A Brief History of the Center for Crops Utilization Research — 1984-2019
In the 1980s a crisis existed in American farming—a crisis of overproduction, underutilization, and decreasing international market share for raw commodities. Also, the United States’ growing dependence on imported oil and long-term forecasts for increasing oil prices put America at risk.
To address this crisis, CCUR was established in 1984 through a special appropriation from the Iowa legislature. The center was tasked to respond to the urgent need to improve America’s agricultural competitiveness. Its mission: to increase the demand for Iowa and Midwestern-grown crops by developing new products, markets, and processing techniques, as well as, improving the understanding of the basic properties of agricultural products and their components.
CCUR’s research activities focused on developing new technologies for producing food and industrial products from agricultural materials; developing agricultural substitutes for petrochemicals; and exploring and modifying the functional properties of crop-derived materials through applied biotechnology.
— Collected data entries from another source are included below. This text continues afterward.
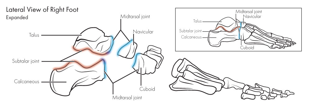 Initially, the practitioner would have the patient evaluated by performing an open kinetic chain examination by sitting and lying down. In this portion of the exam the practitioner is evaluating joint mobility, range of motion, integrity of ligaments and soft tissues, joint range of motion, symmetry of contralateral sides, muscle strength, leg length, and painful areas. If the patient is able to stand and ambulate, then a closed kinetic chain exam is performed. In closed chain pronation, the tibia internally rotates, the talus plantarflexes and inverts, and the calcaneus everts. Evaluation of posture, spine position, hips, pelvic tilt, knee position, and gait pattern is noted. Lastly, evaluation of shoe gear and any foot orthoses or braces should be noted. Performing a thorough history and physical examination and reviewing diagnostic testing should allow the practitioner to establish a working diagnosis and create a treatment protocol.
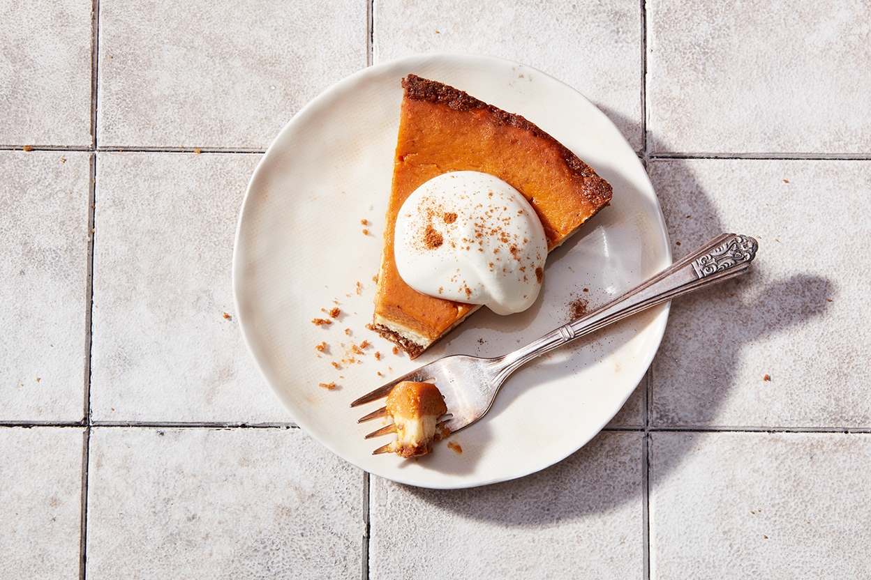 Place the pie on a baking sheet and bake for 15 minutes. Reduce the oven temperature to 350°F and bake for 40 to 45 minutes more, covering the edges with a pie crust shield or foil if browning too quickly. The pie is done when it looks mostly set but with a slightly wobbly center; the center should read 165°F when measured with a digital thermometer. Remove from the oven and let cool to room temperature. Transfer to the refrigerator and chill completely (at least 2 hours) before serving.
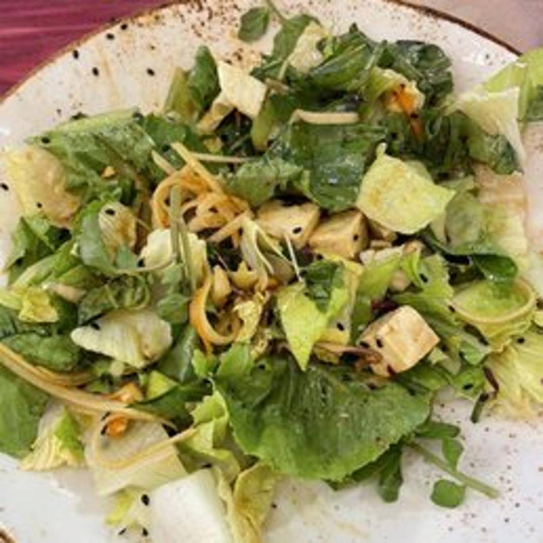 A flavorful and satisfying bowl featuring seasoned tofu, brown rice, shredded carrots, beets, sprouts, and a creamy sesame ginger dressing.

The center also focused on successful technology transfer to industry by utilizing pilot plant facilities designed to demonstrate proof-of-concept by scaling up lab studies into commercially viable processes and products. CCUR raised nearly $18 million to build new pilot-scale processing facilities. These state-of-the-art pilot plants were the first of their kind at Iowa State University and in Iowa. Support for the new center included appropriations not only from the State of Iowa but from the U.S. Congress and numerous grants from commodity groups, public agencies, and private industry.